Provided material below:

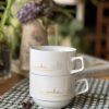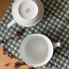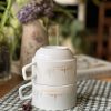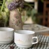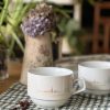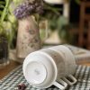Cette grande tasse en porcelaine Bavaria a un joli motif village aux couleurs très douces et pastels, réhaussée d’un fin liseré bleu sur le dessus.
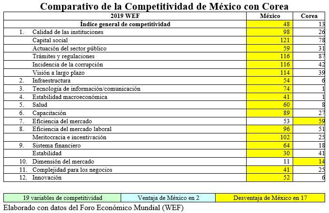 Así mismo, el embajador Figueroa Fischer omite decir que este enorme desbalance es originado por la nula competitividad del marco sistémico mexicano frente al de Corea pues, de las 19 variables que la miden, México sólo presenta ventaja en dos y una enorme desventaja en 17 de ellas, según se puede ver en el cuadro comparativo que elaboré con datos del Foro Económico Mundial (WEF), debiendo hacer la salvedad de que, aunque tenemos ventaja en la dimensión del mercado porque, en el año 2021, había 128 millones de mexicanos y sólo 52 millones de coreanos, nuestro nivel de ingresos y consumo era de 9,967 US, en tanto que el coreano ascendía a 35,196 US, es decir, el ingreso mexicano correspondió a 28% del coreano o, si lo prefieren, el ingreso coreano correspondió a un 253% del nuestro.
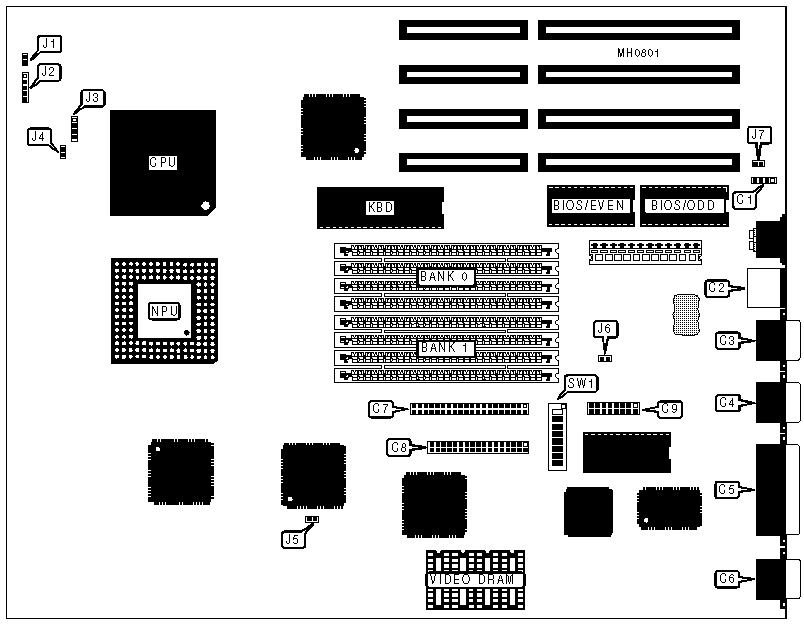 Floppy drive interface, IDE interface, parallel port, PS/2 bus mouse, serial port (2), VGA port, video feature interface connector

End of Provided material.

## What you need to do
The pictures in the listing above are to be dropped, and everything else reproduced exactly.

## Result
Cette grande tasse en porcelaine Bavaria a un joli motif village aux couleurs très douces et pastels, réhaussée d’un fin liseré bleu sur le dessus.
 Así mismo, el embajador Figueroa Fischer omite decir que este enorme desbalance es originado por la nula competitividad del marco sistémico mexicano frente al de Corea pues, de las 19 variables que la miden, México sólo presenta ventaja en dos y una enorme desventaja en 17 de ellas, según se puede ver en el cuadro comparativo que elaboré con datos del Foro Económico Mundial (WEF), debiendo hacer la salvedad de que, aunque tenemos ventaja en la dimensión del mercado porque, en el año 2021, había 128 millones de mexicanos y sólo 52 millones de coreanos, nuestro nivel de ingresos y consumo era de 9,967 US, en tanto que el coreano ascendía a 35,196 US, es decir, el ingreso mexicano correspondió a 28% del coreano o, si lo prefieren, el ingreso coreano correspondió a un 253% del nuestro.
 Floppy drive interface, IDE interface, parallel port, PS/2 bus mouse, serial port (2), VGA port, video feature interface connector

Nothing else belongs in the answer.